Buli: But I would still like to say our neighbors may be a little nosy, but they haven’t made life difficult for us, they have never pried into our private lives and passed any disrespectful comments whatsoever. Nor have we heard anyone talk ill about us at all. If there is a puja or a function, they invite us both. In short, they socialize with us just as they would with other couples around.
How do you both resolve your fights or arguments which is but natural when living together?
Sumi: Till date we haven’t had a serious fight as such, there hasn’t been anything of such a magnitude as well. I am a person who would think before I speak.
Buli: Well, it is a matter of me breaking my ego and making her happy, this is always the case. But living for ten years I know what makes her angry and what I should avoid, hence we steer clear from such situations altogether. But if I know I am wrong, then I don’t have an issue going up to her and apologizing for the same. I try to cajole her, doesn’t that happen with other relationships as well? (laughs)
Have the two of you organized any social ceremony as such to validate your live in status?
Sumi: No we haven’t.
What are the activities the two of you enjoy doing together?
Buli: We love trekking and meeting up with friends, a good old ADDA.
Sumi: For me apart from going out, I think it would be spending time with her at home, just the two of us.
If India was to legalise same sex weddings do you plan to take part in it?
Sumi: No. In all caps NO.
Buli: If there are legal facilities given once same sex marriages are allowed, then yes! For example the flat which is in my name gets transferred to her name or added to hers then yes I would do it, since it would benefit the two of us. Or else what’s the use? Tomorrow if anything happens to me, where will she go? She should have this home and not my family who would come claiming this house.
What about your future plans, any kids? Do you plan to adopt?
Buli: No, not at all, kids for us are out of the question. We love them from far, but can’t think of having our own as of now.
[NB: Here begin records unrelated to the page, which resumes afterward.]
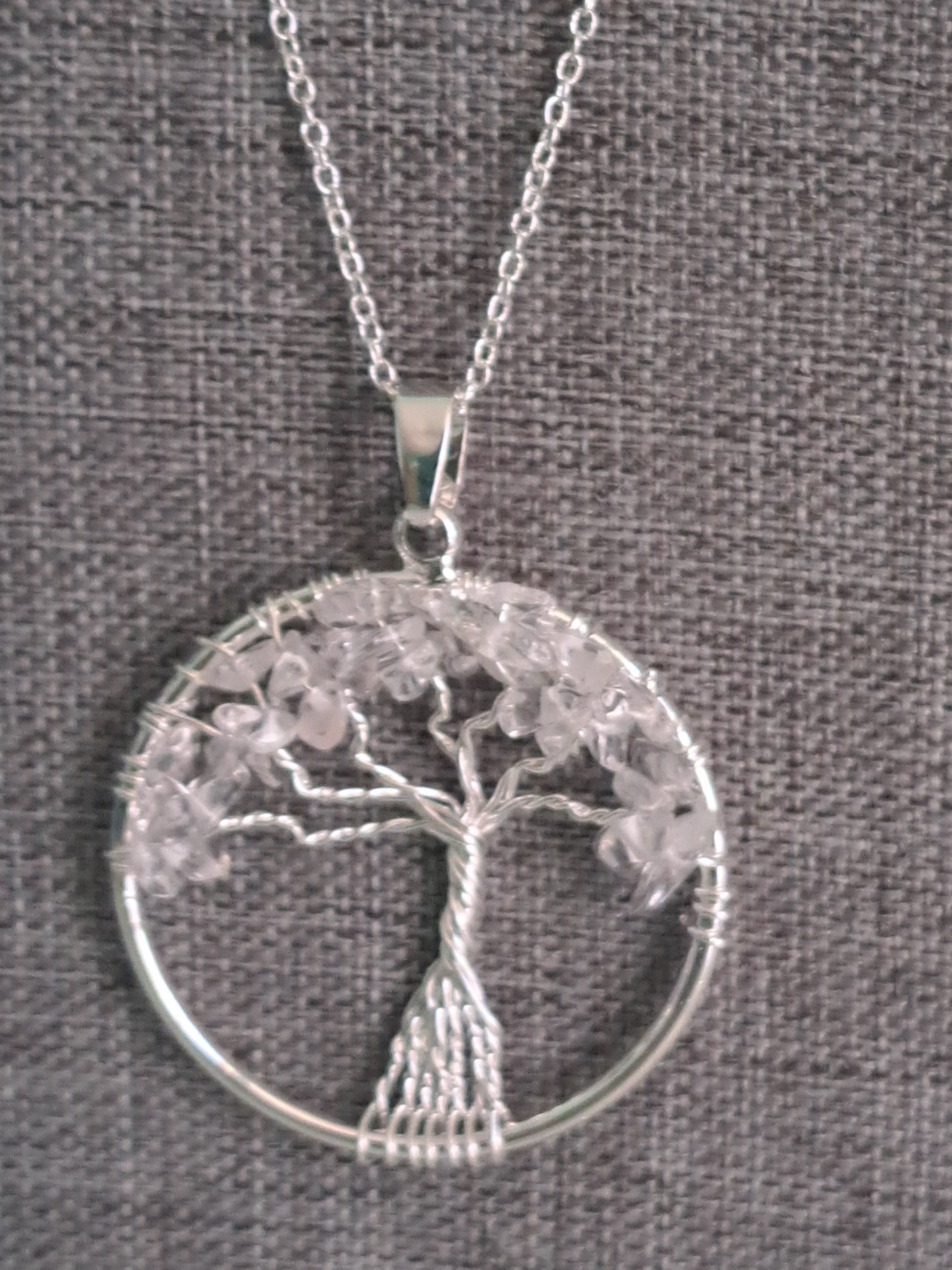 This is a clear quartz chip, tree of life pendant on an 18 in chain.
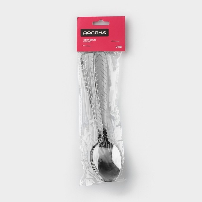 Набор столовых ложек из нержавеющей стали Доляна «Колосок», длина 20,5 см, толщина 2 мм, 6 шт, цвет серебряный
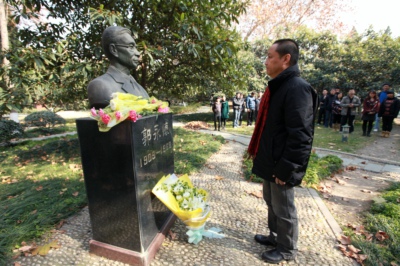 12月5日郭永怀先生逝世44周年纪念日当天的中午,《爱在天际》剧组来到郭永怀先生的塑像前献花,表达了对郭先生深切的缅怀与崇敬。
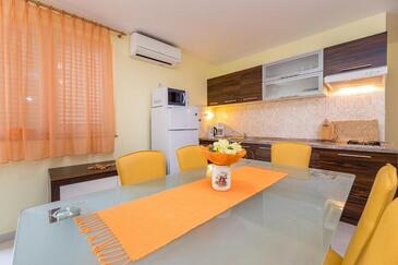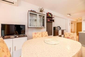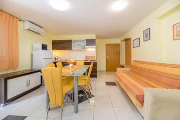 Ferienwohnung bietet Platz für 5 Gäste. Die Betten sind in Schlafzimmern, die es 2 gibt, und in Wohnzimmer, innerhalb einer Gesamtfläche von 42m2, angeordnet. Die Gäste haben eine eigene Terrasse zur Verfügung, auf der sie in warmen Sommernächten genießen können. Für vollen Genuss und Entspannung gibt es einen privaten Grill für Gäste dieser Unterkunft. In der Unterkunftseinheit besteht die Möglichkeit des Mitbringens von Haustieren gegen Aufpreis.
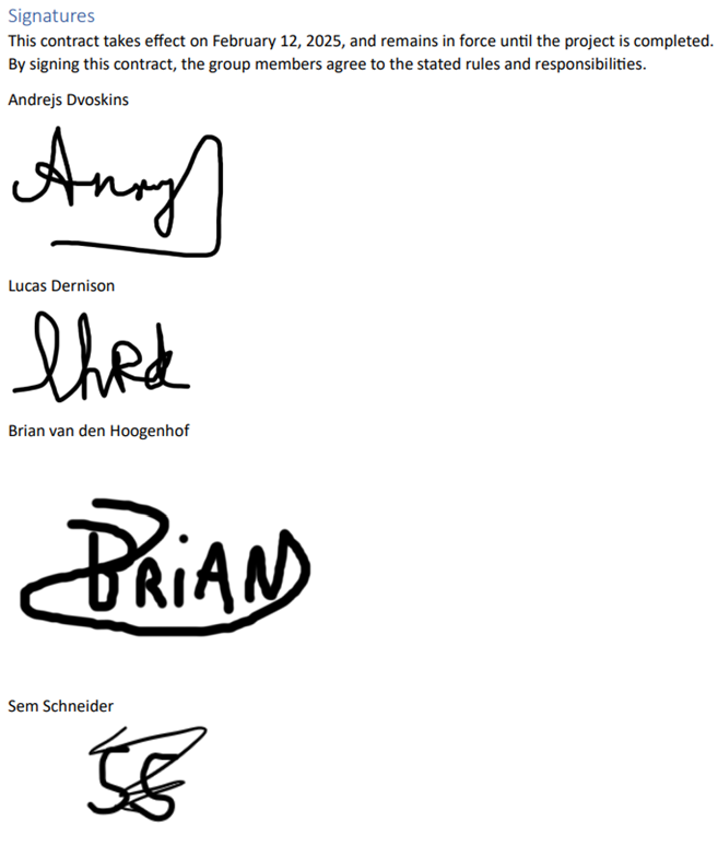 Reflection on Collaboration Contract: Looking back, the collaboration contract helped set clear expectations early on, especially around communication and attendance. In practice, most of us stuck to these agreements, and the WhatsApp group made quick updates easy. However, we didn’t always hold each other accountable when someone broke a rule, like being late without notice. In future projects, we could improve by revisiting the contract midway through the project to reflect and adjust if needed. Speaking for myself my communication was always spot on. Even if i was 5 minutes late I let the group know and gave them a clear reasoning for it, I think I handled my communication very Professionaly this semester.
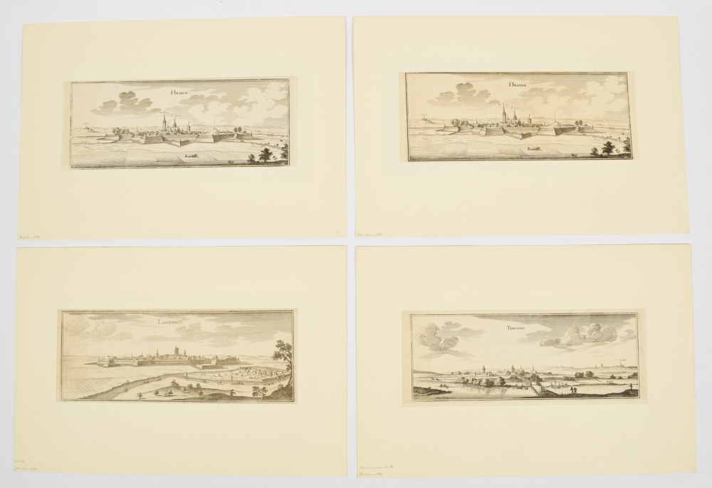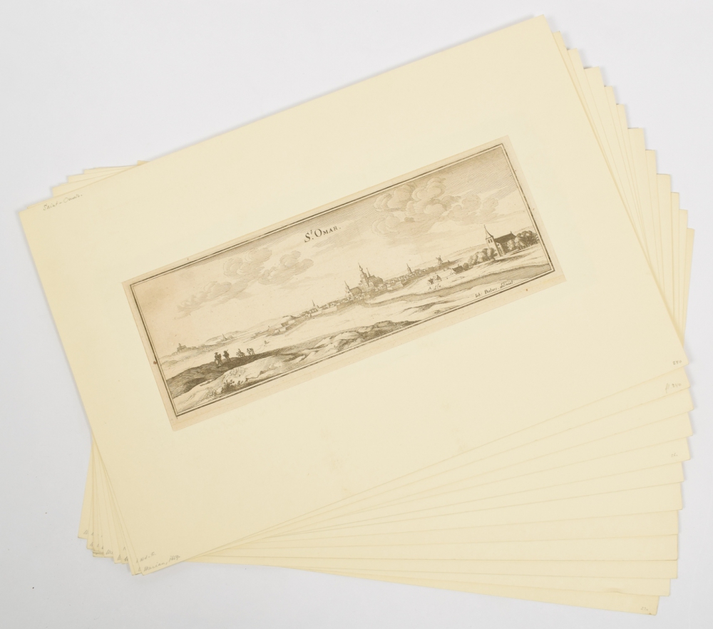 [France/ Belgium] Series of 13 engraved city profiles from Merian, 1659,

Sumi: When her sister came with her kids for two days, we faced a harrowing experience, so kids are certainly a NO NO for us.
Last question from me would be, what is the secret of maintaining such a long relationship? Please share it with our readers.
Sumi: You need to be good friends, give enough space, so that the other doesn’t feel choked in any way and don’t interfere with one another. The main thing is to eradicate all fears, so that the other doesn’t fear telling anything.
Buli: You have to first be good friends with one another and understand one another, without which it would never work. Don’t hide anything. Above all have respect for one another.